Microsoft Excel software and the SPSS 19.0 statistical package (SPSS, Chicago, IL, USA) were used to perform statistical analyses. Both the NSCLC and control groups were evaluated by Hardy-Weinberg equilibrium (HWE) for representativeness. The linkage disequilibrium (LD) having a D’/R2 value greater than 0.85/0.70 was considered to be in linkage disequilibrium, and haplotypes were constructed based on the genotyping results by the expectation-maximization algorithm in SHEsis software [52, 53]. The effects of the polymorphisms on the risk of NSCLC were expressed as ORs with 95%CI, which were calculated using logistic regression analysis with adjustment for age and gender. The association between each genotype and the risk of NSCLC was assessed using inheritance model analysis of SNPstats software [54]. Five inheritance models were analyzed including Codominant, Dominant, Recessive, Overdominant and Log-additive (https://www.snpstats.net/snpstats/tutorial.htm?q=snpstats/tutorial.htm). Codominant model: this model allows every genotype to give a different and no additive risk., which compares heterozygous T/C (He) and homozygous for the variant allele C/C (Va) genotypes to the homozygous for the most frequent allele T/T. Dominant model: a single copy of C is enough to modify the risk, then heterozygous and homozygous genotypes have the same risk. Thus, we could compare a combination of these two possible genotypes T/C+C/C (Do) to the homozygous T/T. Recessive model: two copies of C are necessary to change the risk. Hence, T/C and T/T genotypes have the same effect.

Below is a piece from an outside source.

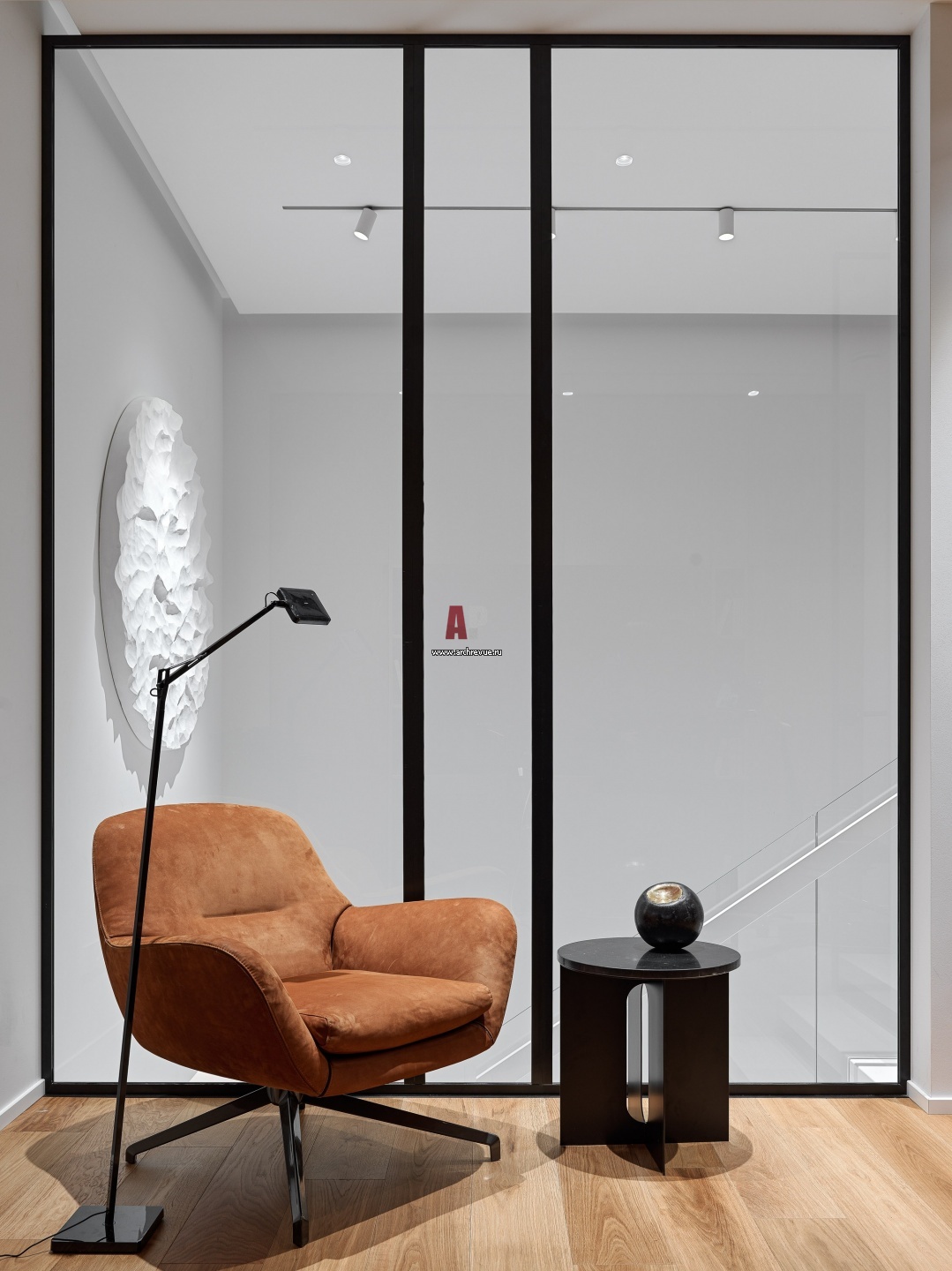 Кабинет размещен в стеклянном кубе, из него открывается вид на лестничный холл. Кресло Minotti, модель Jensen. Торшер, Flos.

A combination of both T/T+T/C (Re) is compared to the variant allele homozygous genotype C/C. Over-dominant model: heterozygous are compared to a pool of both allele homozygous, the T/C (He) is compared versus T/T+C/C. Additive model: each copy of C modifies the risk in an additive form, the homozygous C/C have double risk than heterozygous T/C. Now, compare a combination of the two genotypes with weights 2 and 1 respectively 2C/C+T/C (Ad), to T/T. The AIC and BIC were calculated to determine the best fit model for each SNP. The statistical power was calculated using PS Software [55]. Bonferroni correction was performed on the P values for multiple comparison in the current study, and the statistical significant threshold was set at P < 0.007 (0.05/7).

CONCLUSIONS

Several studies have demonstrated the association of SNPs in CDH13 gene with the methylation of the CDH13 gene and circulating adiponectin levels, which might be used as the diagnostic and prognostic biomarker for NSCLC [22]. In the current study, we found that the T allele of rs11646213 in CDH13 might be the risk factor for NSCLC. The SNPs rs7195409 was associated with NSCLC pathologic stages. However, there were some limitations affecting the identification or association of SNPs with NSCLC in the current study. One of the limitations was the relatively modest sample size with a statistical power of only 75.9%. Another limitation was the lack of smoking status data for the control individuals, which made it difficult to perform further analyses of such exposure variables and to perform a gene-smoking interaction analysis in the current study. To clarify the association of CDH13 variations with NSCLC susceptibility, larger scale samples and systemic studies that focus on the association of the SNPs in CDH13 gene with the methylation status, serum adiponectin levels and NSCLC susceptibility are needed in the future

ACKNOWLEDGMENTS AND FUNDING

This study was supported by the National Natural Science Foundation of China (81573206 and 31270030), Yunnan Applied Basic Research Projects (2016FA034), Special Funds for high-level health talents of Yunnan Province (D-201669 and L-201615), the Association Foundation Program of the Yunnan Provincial Science, Technology Department and Kunming Medical University (No.2017FE468-193) and CAMS Innovation Fund for Medical Sciences (2016-12M-2-001). We express our gratitude to all of our patients and healthy control volunteers for kindly donating their blood and their agreement to participate in this study.

CONFLICTS OF INTEREST

There are no conflicts of interest.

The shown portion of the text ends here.